## REQUIRED ACTION
For the records below, copy exactly the span that begins at the line containing "Look in the" and stops after the line containing "Get ready to", minus any pictures.

## RECORDS FOR THE EXERCISE
# # # # #
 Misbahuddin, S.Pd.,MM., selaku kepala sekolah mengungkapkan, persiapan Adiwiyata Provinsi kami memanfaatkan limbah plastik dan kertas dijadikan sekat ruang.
# # # # #
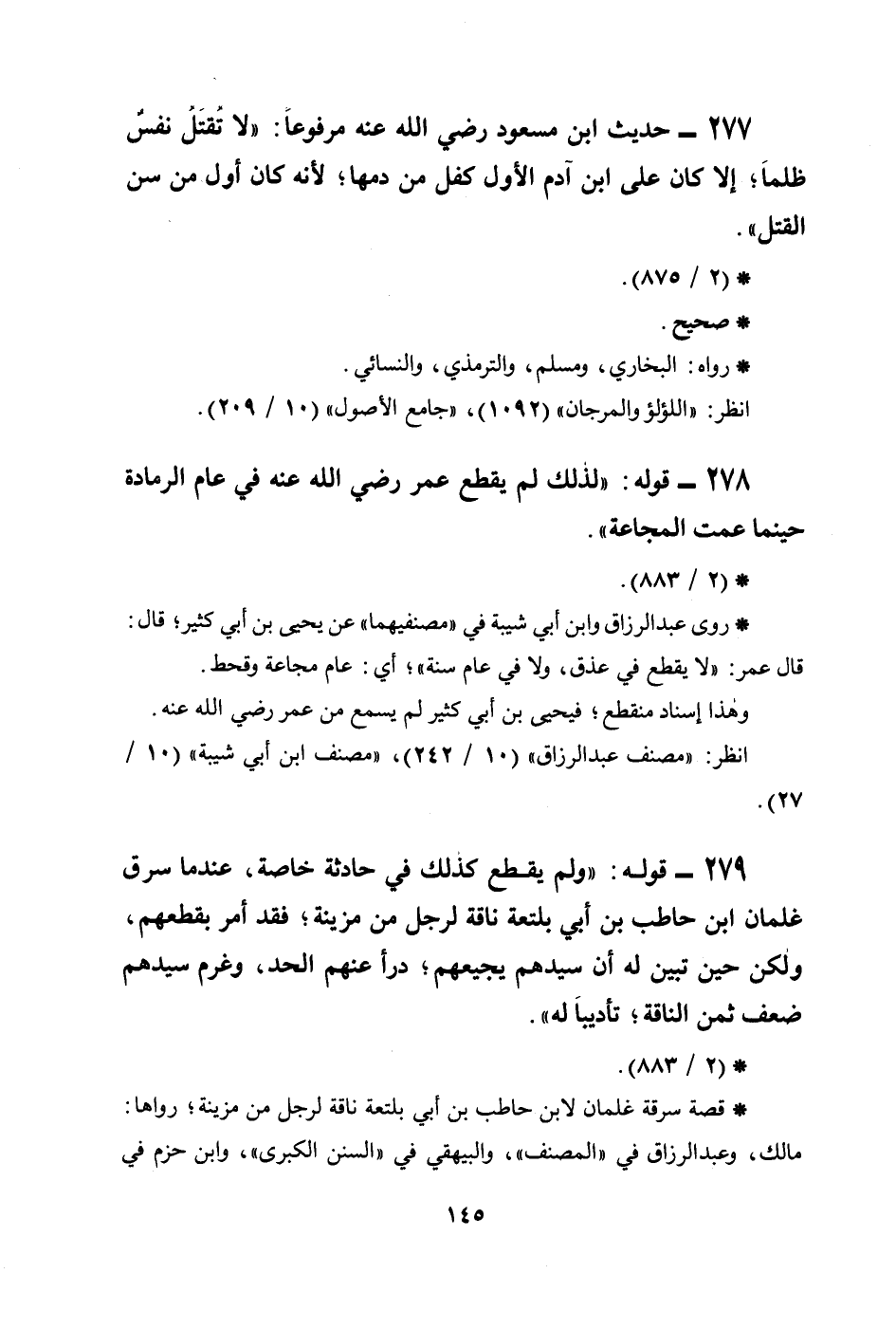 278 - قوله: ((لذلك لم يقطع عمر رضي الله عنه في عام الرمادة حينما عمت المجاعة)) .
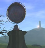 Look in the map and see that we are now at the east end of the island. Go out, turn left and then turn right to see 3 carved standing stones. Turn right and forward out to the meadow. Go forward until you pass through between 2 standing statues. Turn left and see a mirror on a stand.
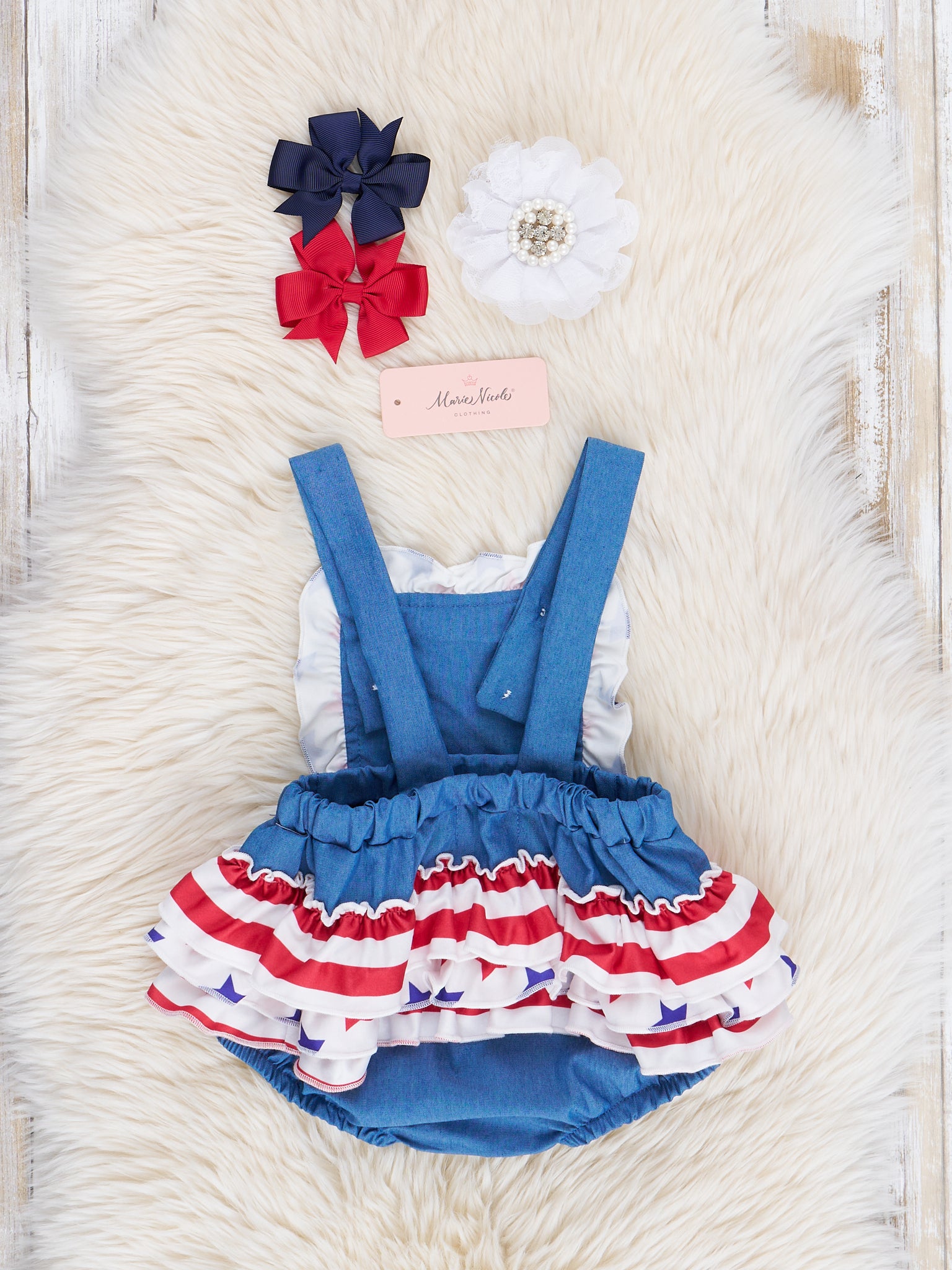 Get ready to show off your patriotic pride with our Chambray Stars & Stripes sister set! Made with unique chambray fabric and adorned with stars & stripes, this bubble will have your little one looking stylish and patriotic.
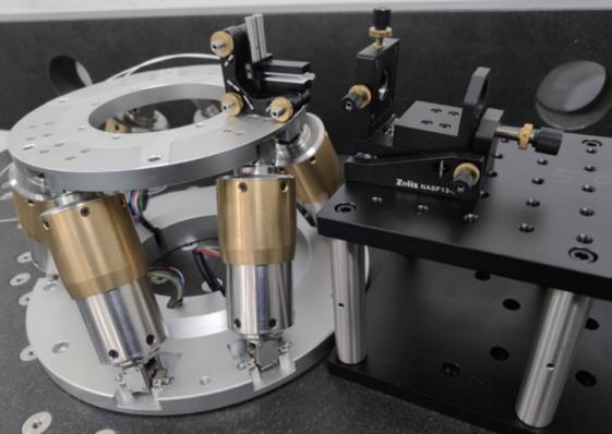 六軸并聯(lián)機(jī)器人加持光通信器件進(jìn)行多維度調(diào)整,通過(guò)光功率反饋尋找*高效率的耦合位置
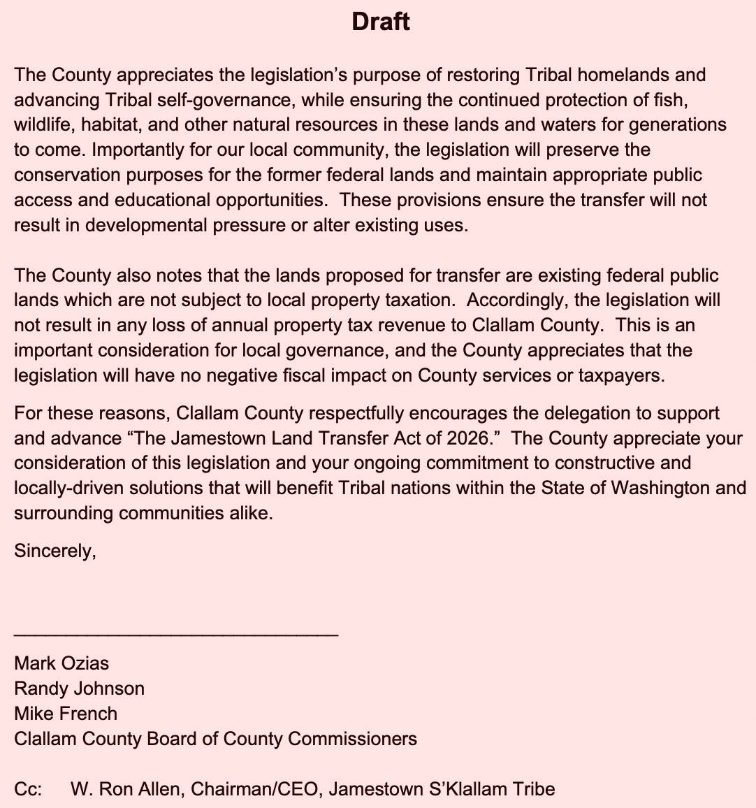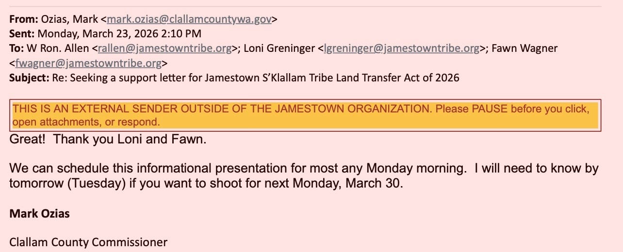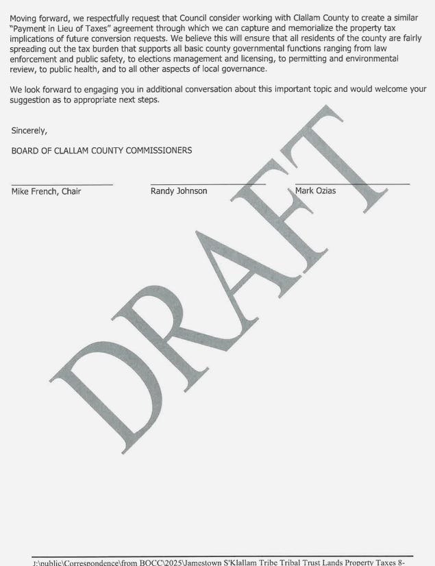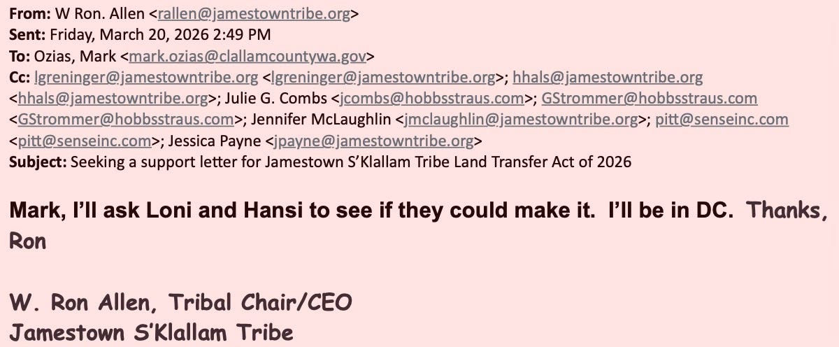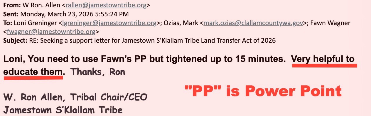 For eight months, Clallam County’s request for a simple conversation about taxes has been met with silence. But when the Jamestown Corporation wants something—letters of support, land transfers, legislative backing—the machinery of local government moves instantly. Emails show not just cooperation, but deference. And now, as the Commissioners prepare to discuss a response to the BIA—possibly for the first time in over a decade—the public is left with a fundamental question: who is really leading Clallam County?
# # # # #
## RESULT BELOW
 Look in the map and see that we are now at the east end of the island. Go out, turn left and then turn right to see 3 carved standing stones. Turn right and forward out to the meadow. Go forward until you pass through between 2 standing statues. Turn left and see a mirror on a stand.
 Get ready to show off your patriotic pride with our Chambray Stars & Stripes sister set! Made with unique chambray fabric and adorned with stars & stripes, this bubble will have your little one looking stylish and patriotic.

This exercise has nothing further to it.